It is not insulation. It will not insulate us from harm in terms of our national security. So I say that to emphasize a point that the congresswoman made. And the other point I'd make is also check out where he's been on how he thinks about America's military and service members.

So we've got McCain, we've got, oh, it's isolationist to not to want to fight and die for Ukraine, which is really what they believe. And look, Cheney, I'm just going to say it. I think she's scum. And I'll give you the real thing. It's not about January 6th. It's the fact that actually, Crystal, she was a lifelong pro-life conservative. Okay, whatever. I'm not pro-life. That's fine.

She though disavowed in this same campaign event, her lifelong positions on pro-life and said Dobbs Quint went too far in terms of the repeal of pro-life. This woman disavowed her own sister to try and win the Wyoming Senate seat over gay marriage.

Now she's disavowing her lifelong positions when she was trying to fake being a Republican or whatever to try and win basically voters for her entire career. But the only thing she won't disavow is this fake anti-isolationist bullshit. Not that anybody even is an isolationist in this thing. Or her lifelong position in support of her father and the war in Iraq. So it's like, what principles do you actually have, woman? I just think it's disgusting.
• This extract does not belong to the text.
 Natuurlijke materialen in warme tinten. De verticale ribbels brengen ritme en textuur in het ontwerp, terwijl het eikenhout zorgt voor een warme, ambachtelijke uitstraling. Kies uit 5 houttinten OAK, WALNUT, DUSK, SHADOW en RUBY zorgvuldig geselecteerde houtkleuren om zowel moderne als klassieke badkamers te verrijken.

Is J.D. Vance scum for abandoning his lifelong commitment to pro-life issues to say, like, let's leave it to the states? That's not, no, that's not the same thing. Because he still- That's not the same thing. Because he supported- I'm just saying. He supported-

Well, hold on a second. He supported an actual national abortion ban, as far as I remember. Correct. Then joined a ticket where he's like, okay, we're going to leave it to the states, but has never disavowed his position on being pro-life. He campaigned for the Ohio pro-life law. That's not the same thing. Liz Cheney's not saying that she's not pro-life anymore. She's doing a similar pivot to J.D. Vance of saying that Dobbs went too far.

No, he's never said that. J.D. Vance was in support of a national abortion ban and is now no longer in support of a national abortion ban and wants to leave it to the states. So I'm just saying, I'm not a big Liz Cheney fan, but I feel like there's a different standard being applied here. And I do genuinely think, you know, she paid a major political price.
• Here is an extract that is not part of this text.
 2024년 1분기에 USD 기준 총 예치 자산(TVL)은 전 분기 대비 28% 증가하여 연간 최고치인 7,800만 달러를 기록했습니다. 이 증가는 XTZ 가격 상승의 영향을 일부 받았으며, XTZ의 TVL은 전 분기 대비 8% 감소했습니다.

for bucking Donald Trump after January 6th. And I am not a Liz Cheney fan, but I think she deserves credit for that thing in particular. Going back to Kamala's comments with regard to Trump's isolationism, it's just not even accurate. Trump is not an isolationist.
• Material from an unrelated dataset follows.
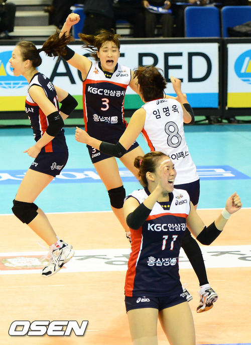 3일 오후 대전 충무실내체육관에서 열린 NH 농협 2012-2013 프로배구 V 리그 KGC인삼공사와 흥국생명의 경기에서 KGC인삼공사가 여자부 흥국생명과의 경기에서 선수들의 고른 활약을 앞세워 3-1(17-25 25-17 25-22 27-25)로 역전승하며 시즌 첫 승을 거뒀다.

This sort of plays into his false framing that he's like the anti-war candidate, which is just not true. I mean, especially when it comes to Iran, we can hear his rhetoric. He's calling for Israel to strike Iranian nuclear sites. He pulled us out of the Iranian nuclear deal. He assassinated Qasem Soleimani, risking war. His foreign policy record, there are areas of it where I definitely give him credit, but he said—

stayed in Afghanistan, and Joe Biden was the one who actually got us out. So part of why I hate this framing is because, yeah, she's positioning the Democrats as like, you know, they're the party of hawks, and Trump is the party of isolationism. It's just not even an accurate picture of reality. And then, you know, to get to more of this, it's—

Here you are in really dire straits with Muslim American voter, with Arab American voters and

I don't think that there's a lot of people who are going to be won over by a Liz Cheney endorsement, but it definitely sends a message to a lot of voters who are disgusted with your policy in the Middle East about who has your ear and who you're listening to. You know, I still recall the fact that at the DNC, they would not allow a Palestinian American on the stage, even one who was pro-Kamala and wanted to make the case for why people should get on board with her campaign.

The tent was big enough for Dick Cheney and certainly big enough for Taylor Swift, but it was not big enough for a Palestinian American. And, you know, at the end of the day, maybe it ends up not mattering. Maybe they win enough of those white suburban women voters. That's their theory of the case, that moving a couple points of them into their column, they think that's doable and they think that will be effective.

a game changer for them, but they've created tremendous risks on the other side, not just among Arab American voters, either among young voters, among a range of voters of color. And, you know, I think the data at this point proves that out. At the DNC, you know, just for that point, it's not even just about the Palestinian thing. Remember in the DNC platform that they disavowed the Iranian nuclear deal and Kamala has now said that Iran is the greatest threat that the United States faces. So, okay. That's a little bit ridiculous. To return to the Cheney thing,

One, the reasons that I think it is incredibly different is that, A, she's actually campaigning for a literal president who wants to codify Roe versus Wade. So there's that. But two is that if you look at the stringent nature of her positions in the past in which she was literally willing to disavow her own family members.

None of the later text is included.